- [Work to be completed] Although the data below contains pictures, output only the lines between those holding "Enter John Felton, an" and "科勒品牌抽拉式厨房水龙头座装冷热双用562T", inclusive, exactly and without those pictures.

- [Given records]
--------------------------------
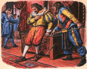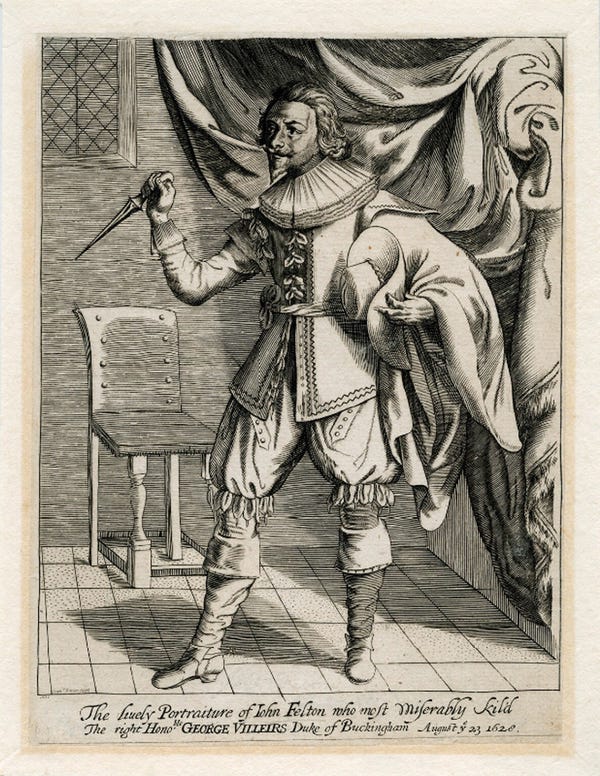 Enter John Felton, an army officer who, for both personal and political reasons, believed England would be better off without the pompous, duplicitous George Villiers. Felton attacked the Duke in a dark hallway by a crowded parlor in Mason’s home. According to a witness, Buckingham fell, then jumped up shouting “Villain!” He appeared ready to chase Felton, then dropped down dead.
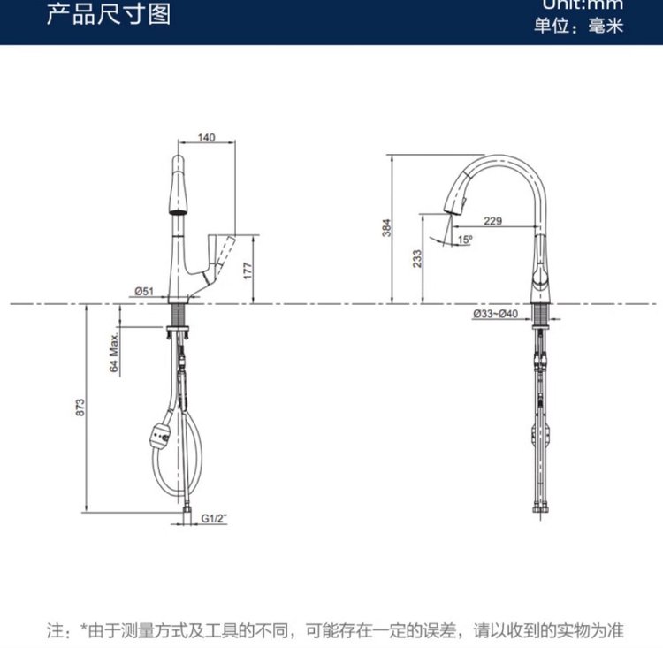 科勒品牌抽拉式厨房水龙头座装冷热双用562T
--------------------------------
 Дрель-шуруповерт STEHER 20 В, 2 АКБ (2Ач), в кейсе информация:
--------------------------------
- [Output for this task]
 Enter John Felton, an army officer who, for both personal and political reasons, believed England would be better off without the pompous, duplicitous George Villiers. Felton attacked the Duke in a dark hallway by a crowded parlor in Mason’s home. According to a witness, Buckingham fell, then jumped up shouting “Villain!” He appeared ready to chase Felton, then dropped down dead.
 科勒品牌抽拉式厨房水龙头座装冷热双用562T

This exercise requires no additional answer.